You need to seperate your algorithm from the drawing aspect of your code.
A simple way to update your code would be to use a coroutine that, at every step of your recursive hanoi
function, gives the control back to the main loop, which in turn draws the screen, and gives control back to the hanoi
coroutine every second.
Here's a simplified example that just counts down:
#-*- coding-utf8 -*-
import pygame
import pygame.freetype
pygame.init()
screen = pygame.display.set_mode((300, 300))

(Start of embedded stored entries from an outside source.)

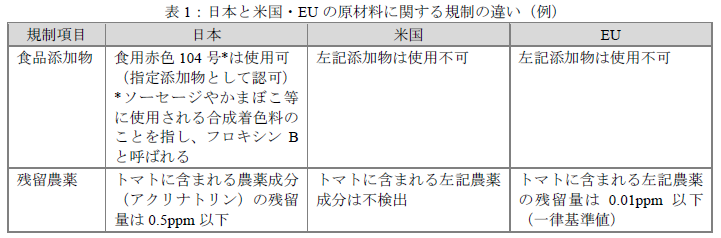 食品添加物は、各国とも「ポジティブリスト制」(許可された添加物以外は使用不可となる制度)ですが、各国でポジティブリストとして指定された食品添加物が異なることに留意が必要です。なお、米国ではネガティブリスト(使用禁止成分リスト)も存在します。
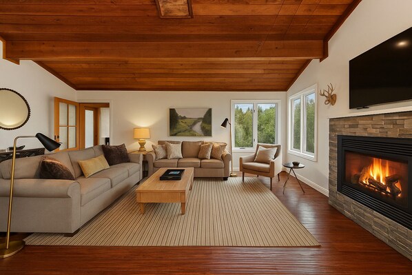 For outdoor enthusiasts, hiking trails and beaches are within reach, while wine lovers will delight in the proximity to the renowned Russian River Appellation. This beautifully modernized home delivers amenities such as a fully equipped kitchen, two gas fireplaces, a wine fridge, canoes, kayaks, and high-speed wifi, making it an ideal space for both relaxation and remote work.
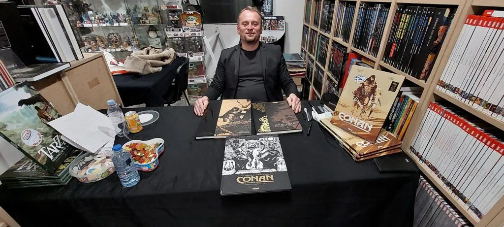 „Pre toga sam već bio u neformalnim kontaktima sa nekolicinom autora iz Francuske, tako da se ništa nije odigralo preko noći. Na francuskoj strip sceni debitovao sam 2015. godine kada je objavljen deseti album iz vrlo uspešne serije Čovek godine koji sam nacrtao za izdavačku kuću Delkur. Do danas bez pauza u radu objavljujem svoje naslove na franko-belgijskom tržištu, a poslednji naslovi u nizu su Tarzan i Konan. Ponudu da radim na novom albumu za Glenu i crtam Hauardovog Konana dobio sam početkom 2018. godine, kada me kontaktirao čuveni strip-autor Žan-Davida Morvana. Ostalo je sada već, čini se, istorija.“
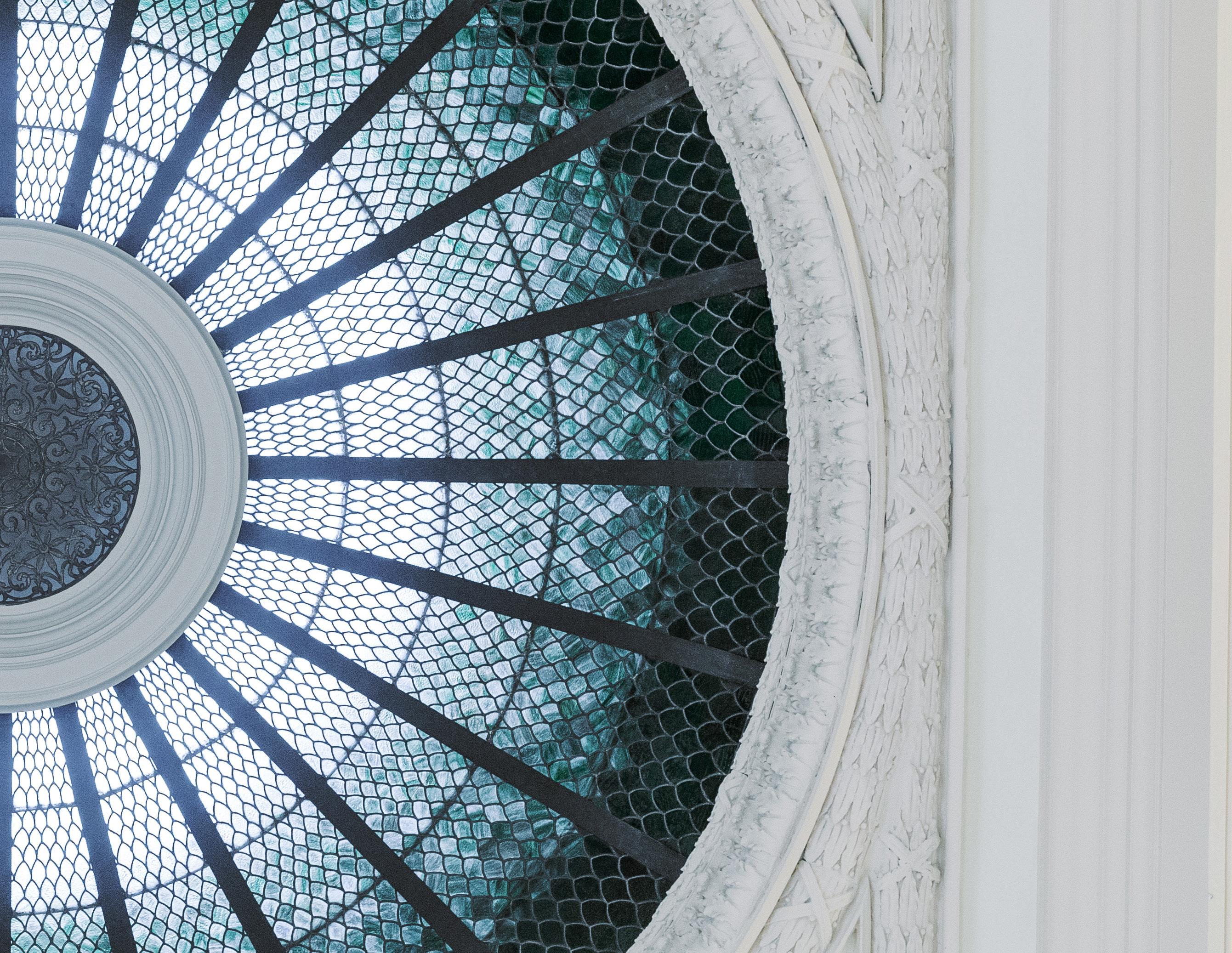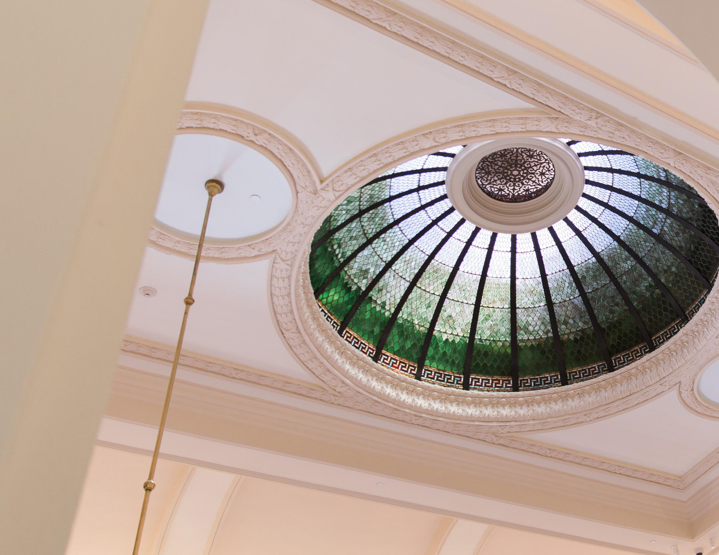 This 1,345 square foot sculpture hall lends itself to an intimate dinner setting or romantic wedding ceremony. The rotunda gallery is marked with its Tiffany-style art glass dome, porcelain tile floor, original light fixtures, and molding, and is truly the jewel of the Gibbes Museum.

clock = pygame.time.Clock()
font = pygame.freetype.SysFont(None, 30)
def hanoi(num):
# We calculated something and want to print it
# So we give control back to the main loop
yield num
# We go to the next step of the recursive algorithm
yield from hanoi(num-1) #
steps = hanoi(1000)
ticks = None
while True:
for event in pygame.event.get():
if event.type == pygame.QUIT or (event.type == pygame.KEYDOWN and event.key == pygame.K_ESCAPE):
exit()
# step every second only
if not ticks or pygame.time.get_ticks() - ticks >= 1000:
ticks = pygame.time.get_ticks()
screen.fill((200, 200, 200))
# the value from the next step of the coroutine
value = str(next(steps))
# render stuff onto the screen
font.render_to(screen, (100, 100), value)
pygame.display.flip()
clock.tick(60)
In your code, you should replace
# updates and waits
printBackground()
printPieces(positions)
pg.time.wait(1000)
with yield positions
to give control back to the main loop and
hanoi(n-1, aux, destination, origin)
with
yield from hanoi(n-1, aux, destination, origin)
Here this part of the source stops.